Hi

There is something that I think is missing from all three proposals, and that 
is the handling of duplicate protected networks. As long as we live in a 
predominantly IPv4 world, we have a lot of NATs and a lot of RFC 1918 addresses.

So unprotected traffic from such networks gets NATted by the perimeter gateway 
(or a dedicated device between the gateway and the Internet). For protected 
traffic, there qre two options:

1. Translate the traffic before sending it through the tunnel, or
2. Send packets from non-routable addresses through the tunnel

Option #1 has a weird side effect. If the translated address is a routable 
address of the gateway, the peer gateway cannot forward it to the Internet 
without translating it again: the return packets would go directly to the 
original gateway, creating some asymmetric routing.

So let's assume option #2, the other tunnel endpoint will NAT the traffic 
behind itself if it forwards the traffic to the Internet. If it forwards the 
traffic through another tunnel, it has the same choices as the first gateway. 
But if it forwards the traffic to its own protected domain, it has two options
1. Forward them as is. That requires that there be no duplicates, and that 
routing will be set up so that return packets go to this gateway., or
2. NAT the packets behind itself.

There are more subtleties to this, but it's a complexity that network people 
deal with all the time. The NATs are configured where appropriate, and 
collisions are avoided through a combination of NATs and a manual partitioning 
of the RFC 1918 space.

All this goes out the window the moment you try to connect with other 
administrative domains or worse - merge some administrative domains. And a 
dynamic setup of tunnels runs a high risk of having the same network on both 
sides of the tunnel. 

Consider the trivial example. Host a, behind gateway A, sends traffic to host c 
behind gateway C, but the traffic goes through gateway B, which is the hub 
gateway. c is a server, so it has port forwarding on gateway C, and C belongs 
to another organization. A is the gateway of a branch office. Every branch 
office has a different 192.168.x.0/24 subnet, so within the administrative 
domain, all hosts have unique IPs. 

So A sends the ac packet unmodified. B is an egress gateway, so it NATs all 
such addresses behind itself. That's OK because a is a client.

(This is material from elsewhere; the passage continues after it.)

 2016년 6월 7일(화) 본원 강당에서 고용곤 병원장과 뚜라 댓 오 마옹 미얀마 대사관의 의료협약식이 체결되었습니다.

Now, regardless of which solution we choose, it is decided that A should send 
traffic directly to C, skipping B. But that means that A should now NAT the 
packets, because C does not wish to receive non-routable IP addresses from a 
partner. It has its own 192.168.x.x addresses within its network.  But here's a 
problem. Regardless of whether A does or does not NAT when sending traffic to 
C, connections are going to be severed. Why? Because the source IP address of 
the traffic coming from 'a' changes. Before 'c' got the traffic from B's public 
address. But now it's coming either from 'a''s non-routable address, or from 
A's public address. Either way, TCP connections get severed.

I don't think this issue is addressed in any of the current drafts.